Title
Seminars by Seungchul Baek (Univ Maryland, USA)
Seungchul Baek, is an Associate Professor of Statistics at the University of Maryland, Baltimore County (UMBC). He is spending a week at DM-FCUP under a Staff mobility program. Professor Baek will deliver two seminars of intermediate level and one of advanced level:
- 8th JULY, 10h-11:45h --- 2 Seminars of INTERMEDIATE LEVEL
10h - 10:45h Random Partitioning and Variable Selection in High-Dimensional Classification
Abstract: I introduce two projects related to high-dimensional classification. The first project focuses on developing a classifier using random partitioning. Specifically, we split the original high-dimensional data ($p>n$) into multiple low-dimensional subsets, making sure the number of selected covariates is less than the sample size. Using these partitioned datasets, we apply linear discriminant analysis (LDA) to each subset and propose a method to aggregate the results. We provide theoretical justification for our approach by comparing its misclassification rates to those of LDA in high dimensions. The second project concerns variable selection in high-dimensional classification. By utilizing the recently proposed mirror statistic, we first identify significant variables and then develop a new classifier based on a modified version of the $\epsilon$-greedy algorithm.
10:45h - 11h Coffee-break
11h - 11:45h A Computationally Efficient Approach to Estimating Species Richness and Rarefaction Curve
Abstract: In ecological and educational studies, estimators of the total number of species and the rarefaction curve based on empirical samples are important tools. We propose a new method to estimate both the rarefaction curve and the number of species based on a ready-made numerical approach, such as quadratic optimization. The key idea in developing the proposed algorithm is nonparametric empirical Bayes estimation, incorporating an interpolated rarefaction curve via quadratic optimization with linear constraints based on g-modeling in Efron (2014). Our proposed algorithm is easily implemented and shows better performance than existing methods in terms of computational speed and accuracy. Furthermore, we provide a model selection criterion for choosing tuning parameters in the estimation procedure and propose a confidence interval based on asymptotic theory rather than resampling. We present some asymptotic results of our estimator to validate the efficiency of our estimator theoretically.

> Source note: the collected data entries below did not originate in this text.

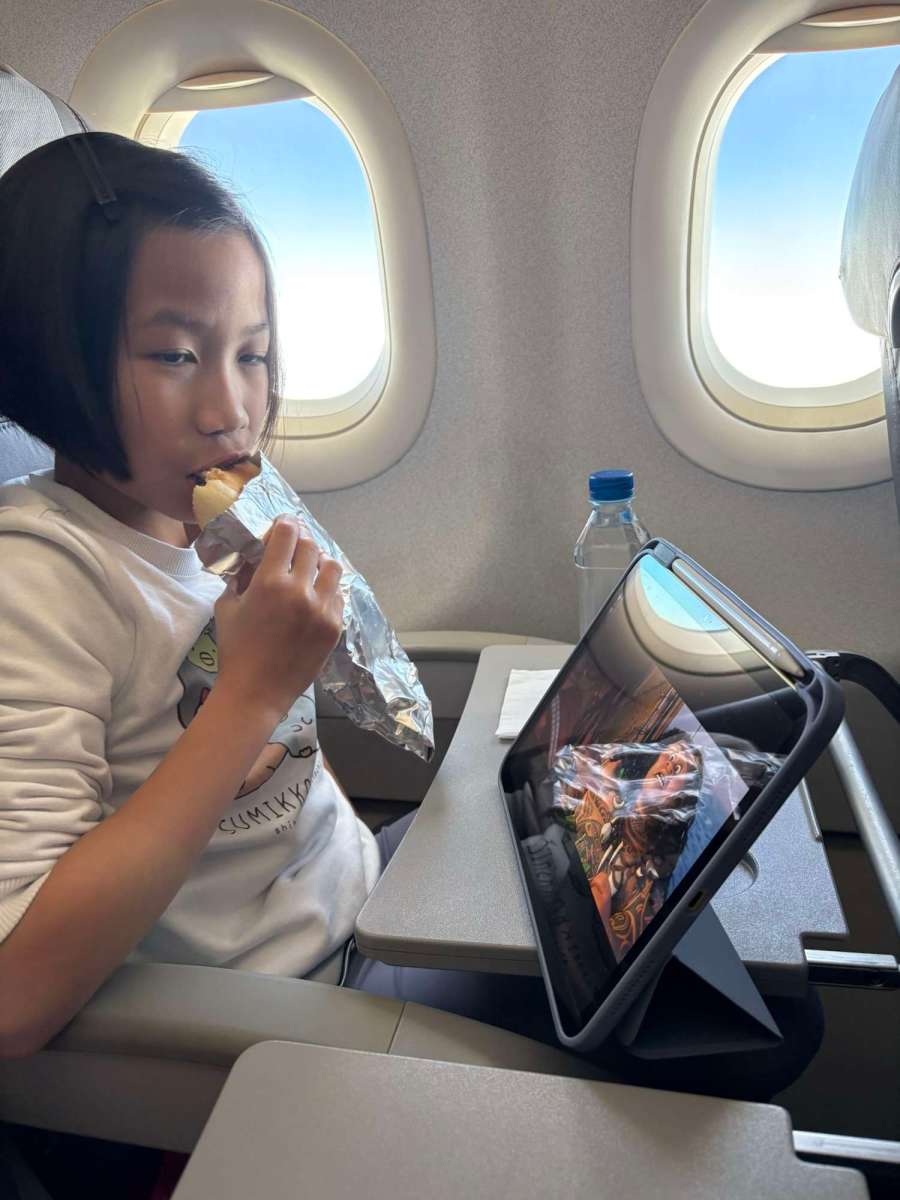 香港航空冇機上娯樂,三個幾鐘頭嘅飛行時間要自己娛樂自己啦~之前買咗個type C轉3.5mm插頭,諗住俾佢哋用ipad時可以用傳統耳機嚟聽,點知唔work,結果搭飛機時都係我借咗對air pods俾佢哋用,兩個自己安安靜靜睇電影,因為Moanna出第二集,所以佢哋專登係Disney+ download定第一集嚟睇,我冇耳機用,之前download咗一堆劇集冇得睇,咁我專心打機啦﹗薩爾達傳說智慧的再現我已經玩到七七八八,明明已經可以去打終極boss,因為一直都有啲驚而逃避,最近都係做下迷你任務呀,搞下呢搞下路,既然搭飛機搭咁耐,就解決咗個boss啦~不過冇開到聲音感覺係差少少,投入度低啲,因為打boss時係我—-薩爾達公主,同劍士林克合作,而今次林克係唔會死嘅,我只要避開攻擊、又間中飲下補給,捱下捱下始終會贏嘅,我就係係呢程飛機時打爆機啦~yeah~
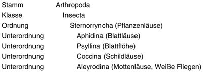 Tab. 1: Systematische Stellung der Pflanzenläuse und ihrer Unterordnungen. In diesem Artikel geht es um die Blattläuse und Blattflöhe.
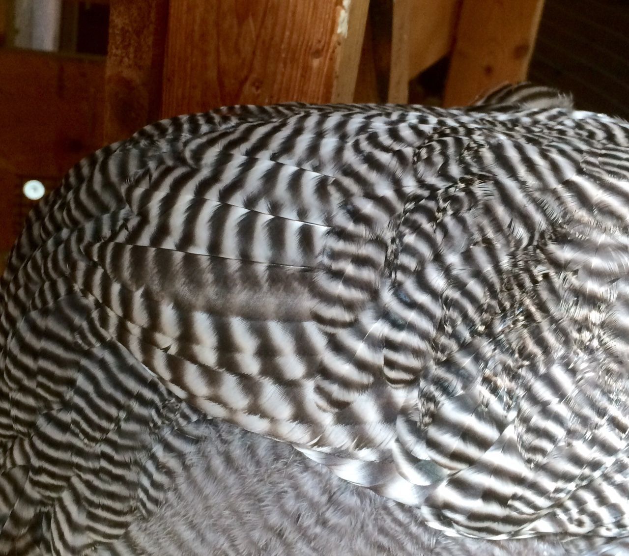 (That little grey/white area is just flash). This cock bird (named Alpha One) also just so happens to be the grandsire of these F1 females. His tight feathering and super tight barring is a compensatory matchup for them. This same cockbird was also the sire of Normanack's gorgeous pullet, who has great, tight feathering.
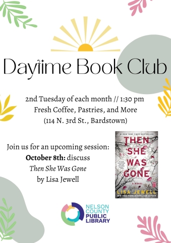 Daytime Book Club, led by Sandy LaFollette & Barbara Lammers, meets the 2nd Tuesday of each month at 1:3o pm. The group discusses a wide range of titles, from thrillers to contemporary fiction to memoirs. For our October 8th meeting, we'll meet at Fresh Coffee, Pastries, and More (114 N. 3rd St., Bardstown) to discuss the fiction selection Then She Was Gone by Lisa Jewell (also available on hoopla).
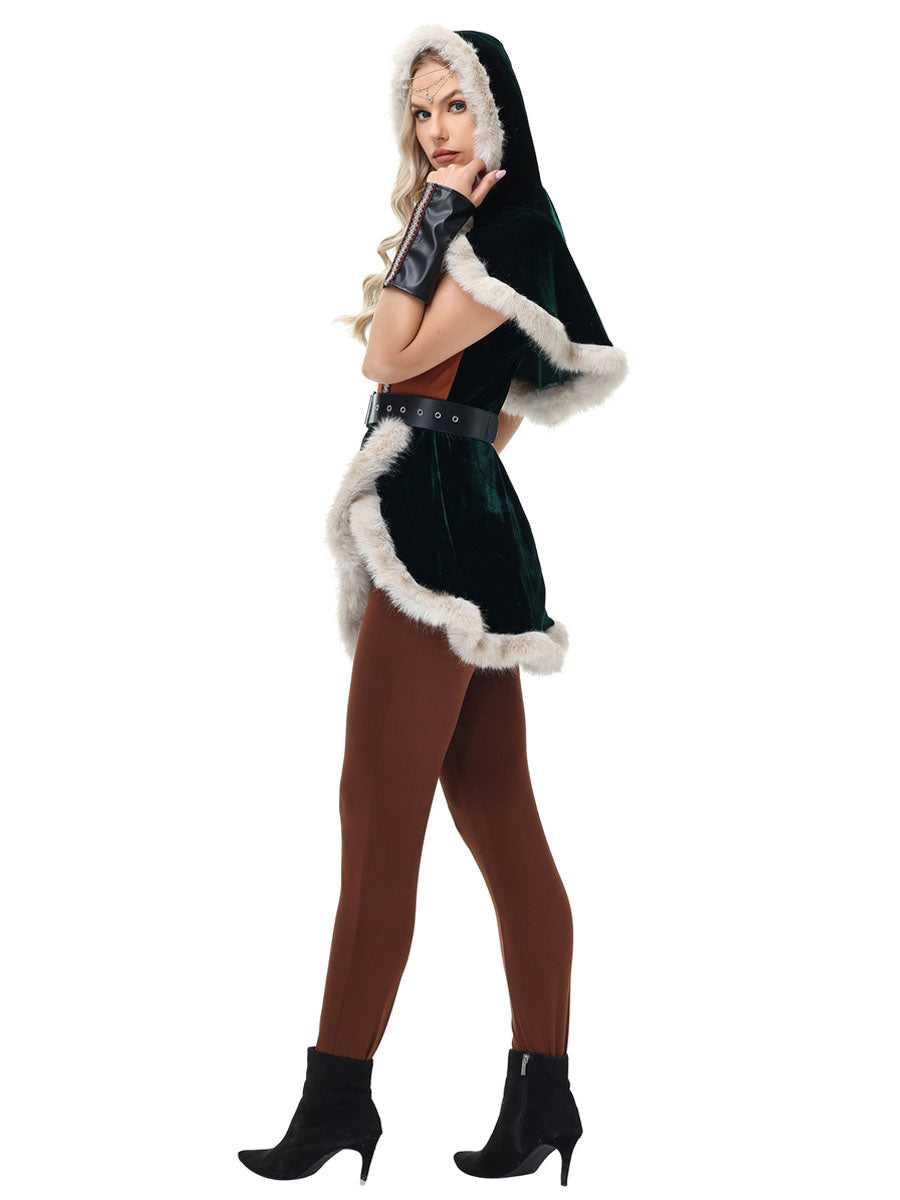 Package Including: 1* Hooded Cape+1* Tunic Dress+1* Pants+1*Belt +2* Wrist Cuffs
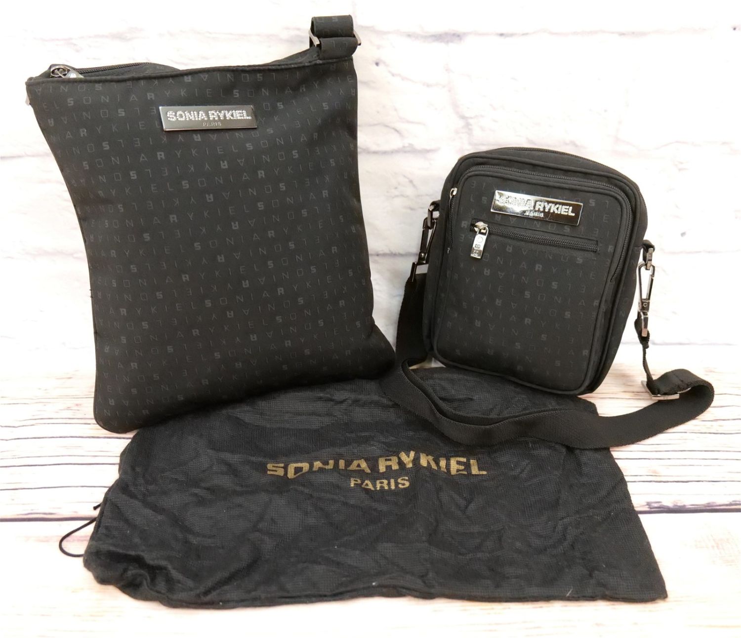 Lot of 2 Sonia Rykiel Nylon Bags. Has label with rhinestones on the front. Including a 2 Pocket crossbody style bag and letter size cross body style. Smaller bag comes with dust bag. Both in excellent condition. All invoices must be paid within 24 hours of the sale. We offer multiple shipping options besides the Liveauctioneers Liveship quoted on this listing., We also offer Pick-Ups Friday, Saturday, and Monday immediately following the sale. BY APPOINTMENT ONLY.

A broad range of numerical studies, including simulations and real data examples, are also conducted, and the gain that it produces has been compared to existing methods.
-9th JULY, 14h-15h --- 1 Seminar of ADVANCED LEVEL
Title: Testing and Quantifying Site-Level Variability in Diagnostic Sensitivity of an Anchor Variable
Abstract: When the same disease is diagnosed across multiple clinical sites, do all sites perform equally well? Even with standardized criteria and identical cognitive tests, clinicians at different sites may interpret results differently — leading to inconsistent diagnoses that can affect patient outcomes and the validity of multi-site studies. This talk addresses this question in a setting with a binary anchor variable: a diagnostic indicator that definitively confirms disease when positive but leaves disease status uncertain when negative. We model site-specific diagnostic sensitivity with a random-effects structure and develop likelihood-based methods to estimate and test for meaningful variation across sites. Key methodological contributions include: establishing parameter identifiability using a validation subset; handling the intractable likelihood integral via a Laplace approximation and an EM algorithm; and constructing likelihood ratio and score tests that properly account for the boundary constraint on the variance component. We evaluate the approach through simulation and apply it to the Huntington disease cohort, where both tests provide strong evidence that diagnostic sensitivity differs meaningfully across sites. Site-specific effects are further explored using empirical Bayes estimation, revealing sites where diagnostic practices may warrant closer examination.